Multi-Million-Dollar Fantasy Art Inheritance Sparks Family Feud
Paintings by Frank Frazetta – who is famous for his “Conan the Barbarian” book covers -- have sold for upwards of $1 million. His children stood to inherit more than a hundred of his pieces, and that ignited a family feud nearly as brutal as the otherworldly battles Frazetta committed to canvas.
“My father was an incredibly successful artist and a great dad, but not such a great estate planner,” says son Bill Frazetta. “So when he died he left my siblings and me a valuable inheritance that nearly tore us apart.”
Bill and his family tell their heart-wrenching story on the season premiere of Strange Inheritance with Jamie Colby, which airs Friday January 20 at 10:30 p.m. on the FOX Business Network.
Frazetta began his career as a comic book and comic strip illustrator in the 1940s; he worked on classic titles such as Buck Rogers, Flash Gordon and Lil’ Abner.
His big break arrived in 1964 when he illustrated a Mad Magazine spoof shampoo advertisement, lampooning the mop-top of a new music sensation -- Ringo Starr.
Hollywood studios noticed, and soon Frazetta was illustrating movie posters.
On his next big commission – to create original cover art for the Conan book series – Frazetta actually created a new style of fantasy art featuring strange creatures, musclebound heroes and scantily clad damsels in distress. Eventually his iconic art appeared on multiple album covers (for such hard rock groups as Molly Hatchet and Nazareth), the big screen (in the animated 1983 film, “Fire and Ice”) and even as the symbol for the U.S. Army Third Corps -- nicknamed the “Phantom Warriors.”
“Younger people today have no idea that this entire visual genre traces back to this one artist,” says David Spurlock, an author, illustrator and publisher of graphic novels.
But when an aging Frazetta was stricken with a series of strokes, tensions heightened among his two sons and two daughters over the hundred-plus paintings, and the rights to reproduce and license his work.
At one point Frank Frazetta Junior tried to remove some 90 original paintings from the family museum in East Strasbourg, Pennsylvania. He was arrested – but the charges were ultimately dropped.

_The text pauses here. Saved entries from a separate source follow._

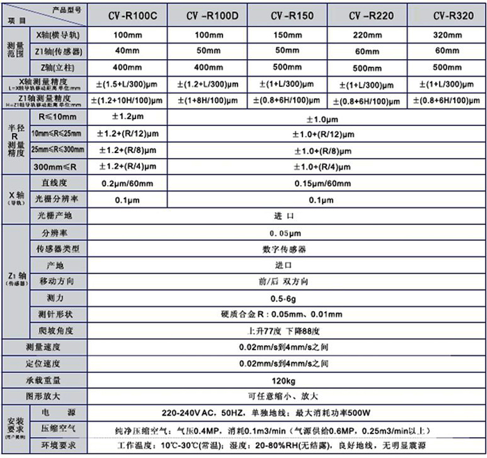 型號 名稱 X軸量程 Z軸量程 半徑R
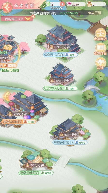 虽然掌柜已经获得了京都的店铺,但是其他城市和商圈的收益也不能放弃,掌柜可以派遣伙伴前往市集或者商圈进行摆摊获取收益。
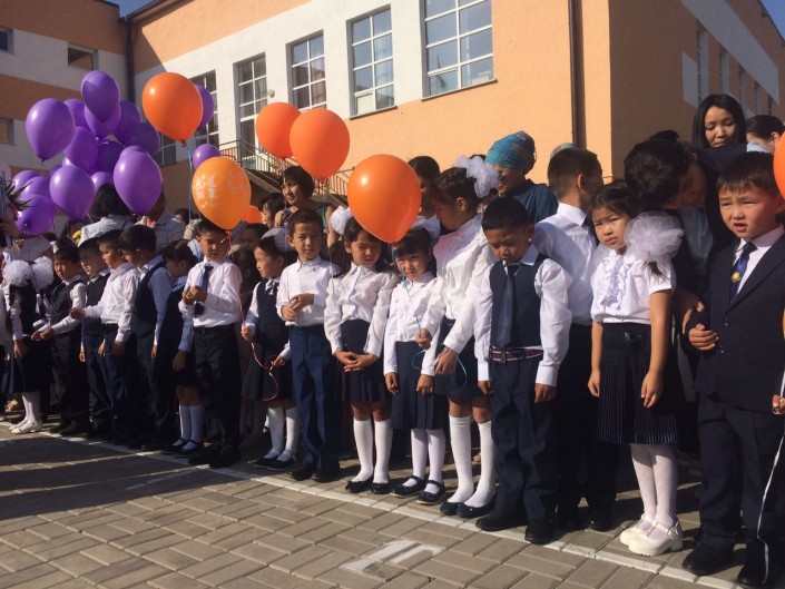 Министр выступил перед детьми на торжественной линейке в средней школе № 80 в Астане.

“There was no communication going on amongst us,” said sister Holly Frazetta Tayor. “It was a really bad dark, dark time.”
In July 2010, with legal costs mounting, the family sold one oil painting, “Conan the Destroyer,” for $1.5 million —a record price for fantasy art.

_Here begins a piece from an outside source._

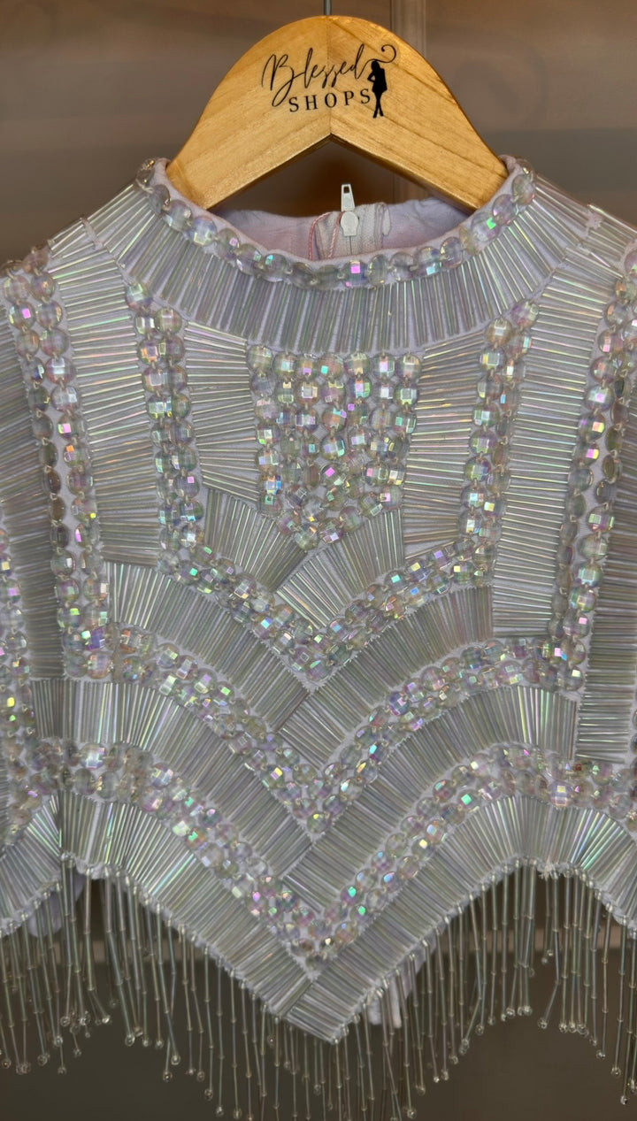 Material: Jacard 3D/ Franjas/ Peças com aplicações manuais / Pedrarias/

“Sadly to say, a lot of it ended up going towards lawyers,” lamented Bill Frazetta.
The warring heirs ultimately sued for peace -- agreeing to divide up the paintings instead of trying to keep their father’s body of work together in a single licensing and marketing enterprise.
In 2016, Holly Frazetta Taylor sold a painting from her inheritance – “At the Earth’s Core” – for $1.1 million.